Owners of firms supplying Kenya Power to be revealed

A Kenya Power technician at work in Eldoret Town. PHOTO | JARED NYATAYA | NMG

What you need to know:

  • Any supplier paid more than Sh1 million per month or Sh12 million per annum will file its true owners with Kenya Power.
  • The unprecedented move, which shareholders will be asked to approve at the company’s upcoming annual general meeting on December 3, is designed to expose insider dealings and other potential conflicts of interest.

Kenya Power will require companies supplying it with goods and services worth millions of shillings to declare their ultimate beneficial owners as part of the electricity distributor’s crackdown on graft.

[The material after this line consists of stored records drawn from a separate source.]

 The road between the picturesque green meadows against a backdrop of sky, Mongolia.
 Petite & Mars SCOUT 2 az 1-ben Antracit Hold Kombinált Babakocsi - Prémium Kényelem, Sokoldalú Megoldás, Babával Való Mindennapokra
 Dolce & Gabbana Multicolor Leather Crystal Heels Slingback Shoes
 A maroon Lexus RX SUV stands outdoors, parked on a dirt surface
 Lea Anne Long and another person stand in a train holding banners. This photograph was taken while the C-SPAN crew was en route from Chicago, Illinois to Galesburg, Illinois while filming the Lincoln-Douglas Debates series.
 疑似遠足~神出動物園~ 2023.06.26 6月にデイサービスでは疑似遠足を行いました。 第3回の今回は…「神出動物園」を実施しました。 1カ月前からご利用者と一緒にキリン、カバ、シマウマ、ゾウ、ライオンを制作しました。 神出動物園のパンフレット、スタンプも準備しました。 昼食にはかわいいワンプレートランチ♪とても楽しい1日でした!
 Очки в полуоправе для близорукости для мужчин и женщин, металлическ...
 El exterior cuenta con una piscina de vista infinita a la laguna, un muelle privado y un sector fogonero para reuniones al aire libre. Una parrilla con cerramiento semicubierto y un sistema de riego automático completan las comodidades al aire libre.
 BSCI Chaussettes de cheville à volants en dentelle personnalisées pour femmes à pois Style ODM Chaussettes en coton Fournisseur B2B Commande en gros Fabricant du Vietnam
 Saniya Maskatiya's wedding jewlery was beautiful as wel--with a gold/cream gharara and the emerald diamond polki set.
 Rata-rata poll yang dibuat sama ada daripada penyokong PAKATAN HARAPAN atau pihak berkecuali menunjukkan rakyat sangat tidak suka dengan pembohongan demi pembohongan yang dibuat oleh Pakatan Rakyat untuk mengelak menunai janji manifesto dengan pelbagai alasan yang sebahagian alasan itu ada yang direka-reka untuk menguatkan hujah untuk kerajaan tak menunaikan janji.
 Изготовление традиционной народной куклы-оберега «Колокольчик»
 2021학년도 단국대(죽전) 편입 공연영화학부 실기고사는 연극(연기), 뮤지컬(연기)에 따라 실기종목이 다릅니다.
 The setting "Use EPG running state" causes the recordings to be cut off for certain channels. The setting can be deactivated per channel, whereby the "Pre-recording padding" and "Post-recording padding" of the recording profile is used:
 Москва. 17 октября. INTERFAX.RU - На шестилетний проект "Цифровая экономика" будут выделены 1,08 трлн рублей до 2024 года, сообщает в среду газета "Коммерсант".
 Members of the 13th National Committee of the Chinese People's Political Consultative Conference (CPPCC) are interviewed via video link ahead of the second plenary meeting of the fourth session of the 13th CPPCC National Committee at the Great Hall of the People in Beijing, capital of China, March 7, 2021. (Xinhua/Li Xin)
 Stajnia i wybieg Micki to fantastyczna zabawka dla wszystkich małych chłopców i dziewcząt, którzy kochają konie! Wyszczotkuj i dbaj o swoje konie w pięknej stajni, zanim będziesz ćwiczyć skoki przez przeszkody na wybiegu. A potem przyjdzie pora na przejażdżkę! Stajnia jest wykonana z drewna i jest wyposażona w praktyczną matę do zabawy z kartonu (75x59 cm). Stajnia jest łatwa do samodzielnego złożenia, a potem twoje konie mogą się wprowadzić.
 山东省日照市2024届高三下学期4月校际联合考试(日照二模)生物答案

Any supplier paid more than Sh1 million per month or Sh12 million per annum will file its true owners with Kenya Power and expressly authorise the Nairobi Securities Exchange-listed firm to disclose the same to its shareholders and regulators.

The unprecedented move, which shareholders will be asked to approve at the company’s upcoming annual general meeting on December 3, is designed to expose insider dealings and other potential conflicts of interest.

It could also expose external parties who have been caught in fraudulent transactions with other companies or Kenya Power in the past.

Kenya Power’s financial position has weakened materially in recent years despite enjoying monopoly status, with corruption and weak corporate governance being cited as one of the major ills bedevilling the company.

“All suppliers and persons selling and or supplying electric power and or other goods and services to the company in excess of an aggregate of Sh1 million per month and or Sh12 million annually shall disclose to the company the ultimate beneficial owner of the supplier and or electric power,” reads a new article that Kenya Power wants to introduce in its governance documents.

“The suppliers shall expressly permit the company to disclose such ultimate beneficial owner in its annual financial reports and or statutory disclosures.”

Kenya Power says the special resolution to introduce the new article is based on provisions of Section 93A of the Companies Act and the regulations promulgated pursuant to the said provision.

That section of the law requires each company to keep a register of its beneficial owners, including their names and addresses. The information is to be filed with the Registrar of Companies.

Kenya Power’s move, if approved, will take the requirement from a mere filing with the State to public disclosure and elevate scrutiny of entrepreneurs doing business with the electricity distributor.

This will avail the information for perusal by a diverse group of stakeholders, including shareholders, regulators, activists and competitors of Kenya Power’s suppliers.

Insider dealings are expected to be the first to be flagged in the company’s transparency drive.

Another resolution to be put to a shareholder vote seeks to authorise the board to recover “the losses against the assets of the persons found culpable for fraudulent trading with the company including the past senior executives and other senior persons who have served in management in the company.”

Kenya Power’s former managing directors Ken Tarus and Ben Chumo are among scores of top executives who have been arrested and charged in court for alleged corruption and abuse of office.

Besides fighting graft, it will also expose the faces behind the lucrative procurement at the utility firm which spends more than Sh100 billion annually on the purchase of electricity and other goods and services.

Kenya Power says it is sitting on significant inventory of obsolete stocks, indicating that the company will suffer major losses on some of the past procurement decisions.

“Shareholders having considered the accounts for the financial year 2020/21 and 2019/20 are concerned about the high level of slow-moving and obsolete stocks and the inability of the company to write back the provisions taken in 2019/2020 and preceding years,” the company says in its AGM notice.

The firm says it has now tightened its procurement processes to ensure the quality of goods meets internal standards and suppliers have a solid reputation and track record, among other checklists.

The decision to expose its procurement to public scrutiny is among the reforms being implemented by Kenya Power which has relied on government intervention to keep the lights on.